__Task goal__:
Please copy out the entries below exactly, beginning with the line that contains "下半期はサボってたと思ってたけど、意外にも描いてない月はなかった。 #2021年の絵を振り返る #今年描いた絵を晒そう" and ending with the line that contains "Ich hatte noch", and include nothing outside that span.

::: Excerpted records :::

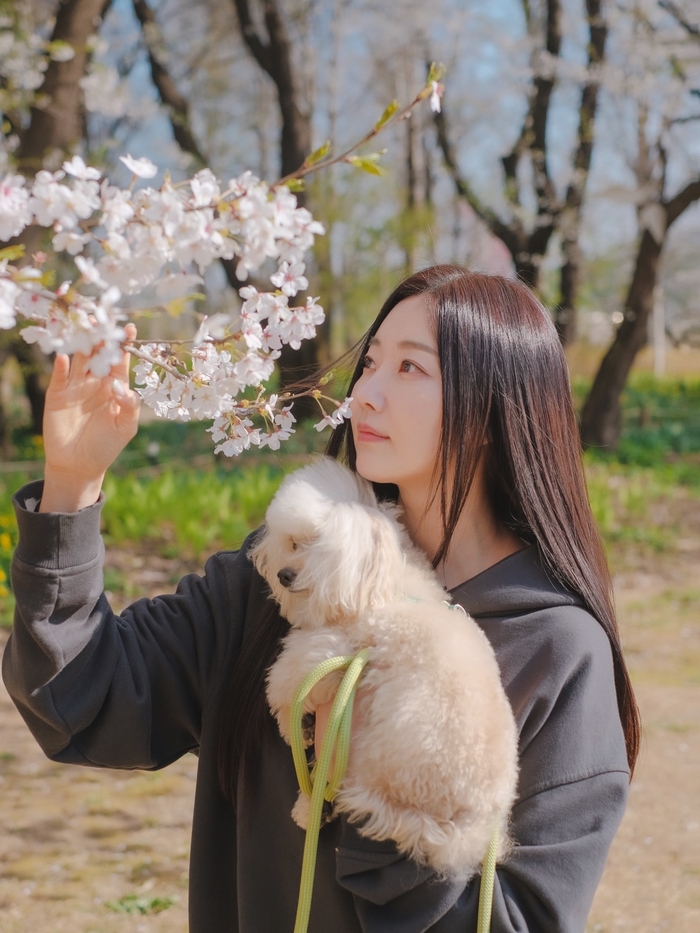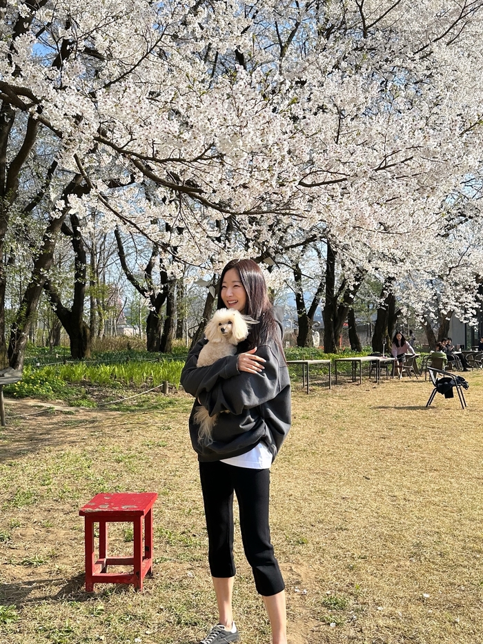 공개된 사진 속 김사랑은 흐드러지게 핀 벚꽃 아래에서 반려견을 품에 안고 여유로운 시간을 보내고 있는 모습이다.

:::
::: Excerpted records :::

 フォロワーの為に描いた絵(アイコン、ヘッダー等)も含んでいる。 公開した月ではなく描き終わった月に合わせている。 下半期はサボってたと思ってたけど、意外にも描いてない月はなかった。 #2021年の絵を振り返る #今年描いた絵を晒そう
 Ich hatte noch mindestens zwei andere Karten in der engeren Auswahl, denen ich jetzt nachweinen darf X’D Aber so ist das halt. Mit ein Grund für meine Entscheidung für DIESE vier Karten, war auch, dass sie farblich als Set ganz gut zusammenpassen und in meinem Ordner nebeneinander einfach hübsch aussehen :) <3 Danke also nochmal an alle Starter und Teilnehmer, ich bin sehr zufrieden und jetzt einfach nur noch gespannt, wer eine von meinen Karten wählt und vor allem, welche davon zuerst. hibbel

:::
::: Excerpted records :::

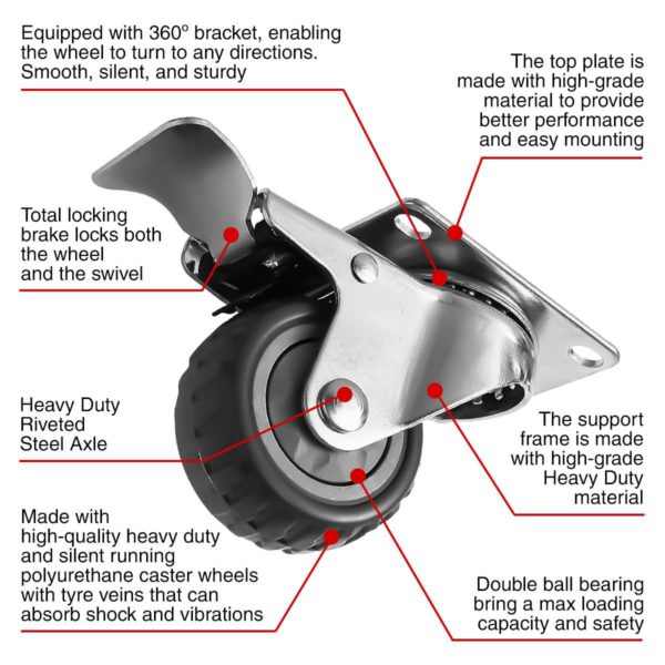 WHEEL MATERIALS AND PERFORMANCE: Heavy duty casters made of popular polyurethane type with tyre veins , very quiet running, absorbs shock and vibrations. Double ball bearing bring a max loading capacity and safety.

:::

__Written answer__:
 フォロワーの為に描いた絵(アイコン、ヘッダー等)も含んでいる。 公開した月ではなく描き終わった月に合わせている。 下半期はサボってたと思ってたけど、意外にも描いてない月はなかった。 #2021年の絵を振り返る #今年描いた絵を晒そう
 Ich hatte noch mindestens zwei andere Karten in der engeren Auswahl, denen ich jetzt nachweinen darf X’D Aber so ist das halt. Mit ein Grund für meine Entscheidung für DIESE vier Karten, war auch, dass sie farblich als Set ganz gut zusammenpassen und in meinem Ordner nebeneinander einfach hübsch aussehen :) <3 Danke also nochmal an alle Starter und Teilnehmer, ich bin sehr zufrieden und jetzt einfach nur noch gespannt, wer eine von meinen Karten wählt und vor allem, welche davon zuerst. hibbel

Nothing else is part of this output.